Io has a normally distributed random number generator:

bash $ io
Io 20090105
Io> Random gaussian
==> 1.0989883665373978
Io> Random gaussian(100,10)
==> 88.2743995098800269

The underlying source code uses the Box-Muller transform:

double RandomGen_gaussian(RandomGen *self, double m, double s)
{
		// http://www.taygeta.com/random/gaussian.html
	double x1, x2, w, y1, y2;

	do {
		x1 = 2.0 * RandomGen_randomDouble(self) - 1.0;
		x2 = 2.0 * RandomGen_randomDouble(self) - 1.0;
		w = x1 * x1 + x2 * x2;
	} while ( w >= 1.0 );

	w = sqrt( (-2.0 * log( w ) ) / w );
	y1 = x1 * w;
	y2 = x2 * w;

		// The following code resulted in a lot of nans being returned. The
		// following code *should* also be slower.
		/*
	double x1 = 2.0 * RandomGen_randomDouble(self) - 1.0;
	double x2 = 2.0 * RandomGen_randomDouble(self) - 1.0;
	double y1 = sqrt( - 2.0 * log(x1) ) * cos( M_PI_2 * x2 );
		*/

	return ( m + y1 * s );
}

Factor also has a normally distributed generator:

bash $ factor
( scratchpad ) USE: random
( scratchpad ) 0 1 normal-random-float

--- Data stack:
-1.651647700885478

The interesting story here is the Factor source is algorithmically identical to what is commented out in the Io source:

: normal-random-float ( mean sigma -- n )
    0.0 1.0 uniform-random-float
    0.0 1.0 uniform-random-float
    [ 2 pi * * cos ]
    [ 1.0 swap - log -2.0 * sqrt ]
    bi* * * + ;

So a normally distributed random variable is easy to simulate, but what about the other distributions? It occurred to me that the inverse of the cumulative distribution function (qv quantile function) of an RV will convert a standard uniform random number into a sample from the RV.

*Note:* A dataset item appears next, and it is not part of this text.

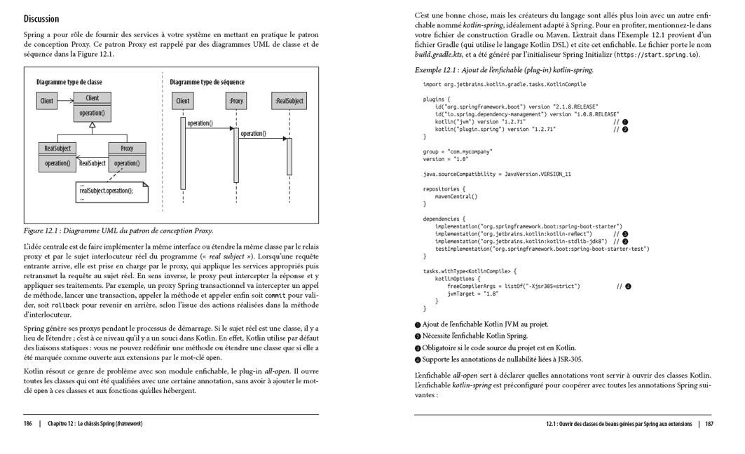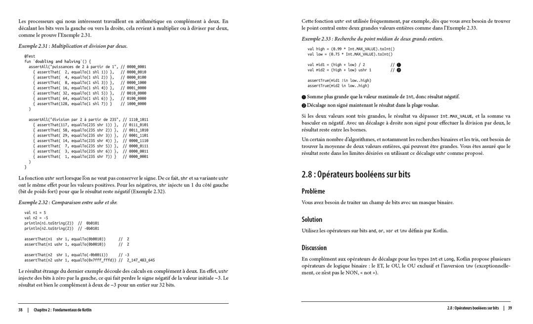 Les quatre premiers chapitres traitent des fondamentaux du développement mobile, des fondamentaux du langage Kotlin et de la programmation orientée objet. Chaque concept décrit par l’auteur est accompagné d’une explication simple, de la syntaxe ainsi que d’un exemple d’utilisation.

Since most languages don’t have cumulative distribution functions, much less quantile functions, this converts the problem into an exercise in numerical analysis. I wondered if this was the technique used in the R source code. It wasn’t so for either rgamma or rnorm. rnorm underlyingly calls this routine, which consists of almost 300 lines of C:

/*
 *  REFERENCE
 *
 *    Ahrens, J.H. and Dieter, U.
 *    Extensions of Forsythe's method for random sampling from
 *    the normal distribution.
 *    Math. Comput. 27, 927-937.
 *
 *    The definitions of the constants a[k], d[k], t[k] and
 *    h[k] are according to the abovementioned article
 */
double norm_rand(void)
{

The paper mentioned in the comment doesn’t appear to be available online, but it is summarized here. It goes back to an idea von Neumann had in the 1950s. The technique still involves multiple uniform distribution samples, which are apparently cheaper than evaluating a quantile function. It uses far fewer samples on average than the 30 I used in rnorm.

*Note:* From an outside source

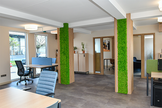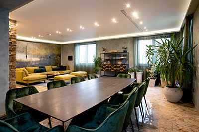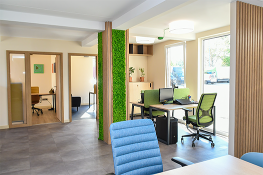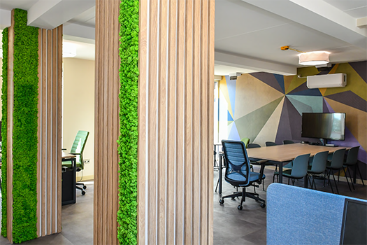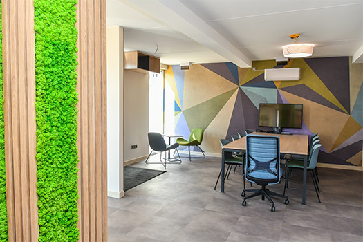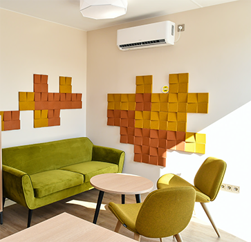 Rendhagyó kéréssel keresett meg egy cégtulajdonos ügyfelem. A 6 darab konténerből összeállított cégközpontba lépbe, semmilyen felületen ne érzékeljük az épület konténer mivoltát! A falak belül gipszkarton borítást kaptak, és ebből épültek a válaszfalak is. Vinyl padlózat, zuzmó dekoráció, fa falpanelek teszik elegánssá, a színes ülőbútorok és tapéta pedig fiatalossá ezt az iroda belsőt.

Here is a relevant Knuth quote:

It is conceivable that someday somebody will invent a random number generator that produces one of these other random quantities directly, instead of getting it indirectly via the uniform distribution. But no direct methods have as yet proved to be practical, except for the “random bit” generator described in Section 3.2.2.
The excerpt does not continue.